我首先编写了merge函数,然后将其扩展到更一般的merge_with函数,它需要一个函数和各种数量的字典。如果这些字典中有任何重复的键,请将提供的函数应用于键重复的值。
合并函数可以使用merge_with函数重新定义,就像合并函数一样。名称合并是指将它们全部合并并保留最右边的值,如果有重复的值。mergel函数也是如此,它保持最左边。
这里的所有函数(merge、merge-with、mergel和merge)都是通用的,如果它们接受任意数量的字典参数。具体来说,merge_with必须将一个与要应用的数据兼容的函数作为参数。
1 2 3 4 5 6 7 8 9 10 11 12 13 14 15 | from functools import reduce from operator import or_ def merge(*dicts): return { k: reduce(lambda d, x: x.get(k, d), dicts, None) for k in reduce(or_, map(lambda x: x.keys(), dicts), set()) } def merge_with(f, *dicts): return { k: (lambda x: f(*x) if len(x)>1 else x[0])([ d[k] for d in dicts if k in d ]) for k in reduce(or_, map(lambda x: x.keys(), dicts), set()) } mergel = lambda *dicts: merge_with(lambda *x: x[0], *dicts) merger = lambda *dicts: merge_with(lambda *x: x[-1], *dicts) |
。
测验
1 2 3 4 5 6 7 8 9 10 11 12 13 14 15 16 17 18 19 20 21 22 | >>> squares = { k:k*k for k in range(4) } >>> squares {0: 0, 1: 1, 2: 4, 3: 9} >>> cubes = { k:k**3 for k in range(2,6) } >>> cubes {2: 8, 3: 27, 4: 64, 5: 125} >>> merger(squares, cubes) {0: 0, 1: 1, 2: 8, 3: 27, 4: 64, 5: 125} >>> merger(cubes, squares) {0: 0, 1: 1, 2: 4, 3: 9, 4: 64, 5: 125} >>> mergel(squares, cubes) {0: 0, 1: 1, 2: 4, 3: 9, 4: 64, 5: 125} >>> mergel(cubes, squares) {0: 0, 1: 1, 2: 8, 3: 27, 4: 64, 5: 125} >>> merge(squares, cubes) {0: 0, 1: 1, 2: 8, 3: 27, 4: 64, 5: 125} >>> merge(cubes, squares) {0: 0, 1: 1, 2: 4, 3: 9, 4: 64, 5: 125} >>> merge_with(lambda x, y: x+y, squares, cubes) {0: 0, 1: 1, 2: 12, 3: 36, 4: 64, 5: 125} >>> merge_with(lambda x, y: x*y, squares, cubes) {0: 0, 1: 1, 2: 32, 3: 243, 4: 64, 5: 125} |
更新
在我写了以上内容之后,我发现还有另一种方法可以做到。
1 2 3 4 5 6 7 8 9 10 11 12 13 14 15 16 17 18 19 | from functools import reduce def merge(*dicts): return reduce(lambda d1, d2: reduce(lambda d, t: dict(list(d.items())+[t]), d2.items(), d1), dicts, {}) def merge_with(f, *dicts): return reduce(lambda d1, d2: reduce(lambda d, t: dict(list(d.items()) + [(t[0], f(d[t[0]], t[1]) if t[0] in d else t[1])]), d2.items(), d1), dicts, {}) mergel = lambda *dicts: merge_with(lambda x, y: x, *dicts) merger = lambda *dicts: merge_with(lambda x, y: y, *dicts) |
。
请注意,使用merge_with的mergel和merge的定义已经更改,新函数作为第一个参数。f函数现在必须是二进制的。上述测试仍然有效。下面还有一些测试来显示这些函数的一般性。

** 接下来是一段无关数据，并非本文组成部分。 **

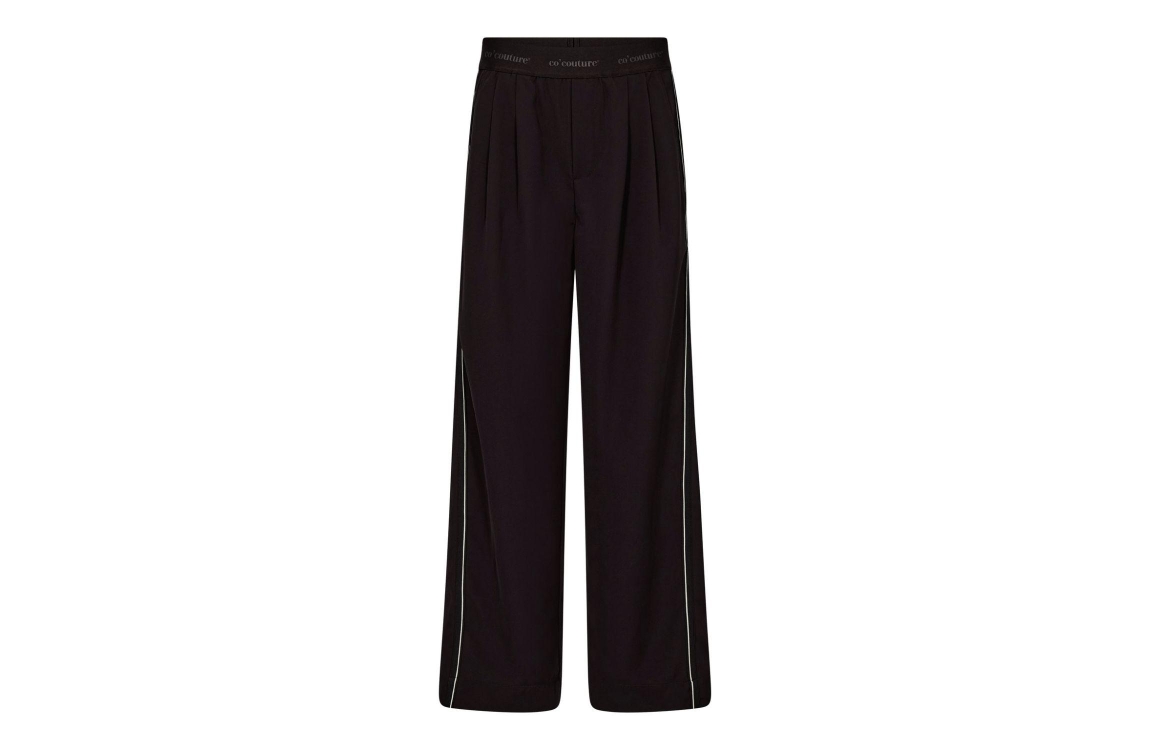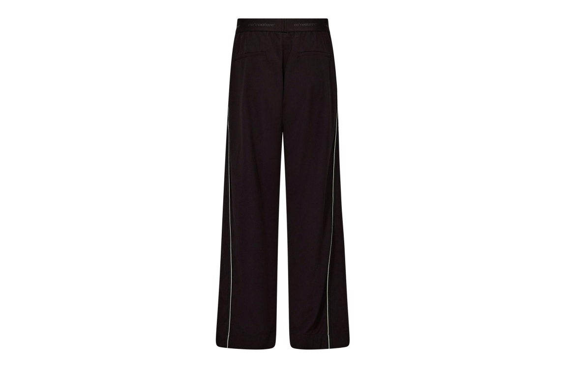 Co Couture AminaCC Split Panel LL Pant Black. Dit wide fit model sluit door middel van een elastische boord, gedetailleerd met het merklogo. Deze zwarte broek van Co Couture is voorzien van twee steekzakken aan de voorzijde en twee paspelzakken aan de achterzijde. Het model is afgewerkt met een biesdetail langs de zijkanten.

1 2 3 4 5 6 7 8 9 10 11 12 13 14 15 16 17 18 19 20 21 22 | >>> merge() == {} True >>> merge(squares) == squares True >>> merge(cubes) == cubes True >>> mergel() == {} True >>> mergel(squares) == squares True >>> mergel(cubes) == cubes True >>> merger() == {} True >>> merger(squares) == squares True >>> merger(cubes) == cubes True >>> merge_with(lambda x, y: x+y, squares, cubes, squares) {0: 0, 1: 2, 2: 16, 3: 45, 4: 64, 5: 125} >>> merge_with(lambda x, y: x*y, squares, cubes, squares) {0: 0, 1: 1, 2: 128, 3: 2187, 4: 64, 5: 125} |
号
从@martijnpieers那里窃取这个(
1 2 3 4 5 6 7 8 | >>> def f(x, y): return x * y >>> A = {1:1, 2:3} >>> B = {7:3, 2:2} >>> {k: f(A[k], B[k]) if k in A and k in B else A.get(k, B.get(k)) for k in A.viewkeys() | B.viewkeys()} {1: 1, 2: 6, 7: 3} |
。
一种不同的方法,对于来自函数式编程背景的用户来说,这种方法(imho)更具可读性。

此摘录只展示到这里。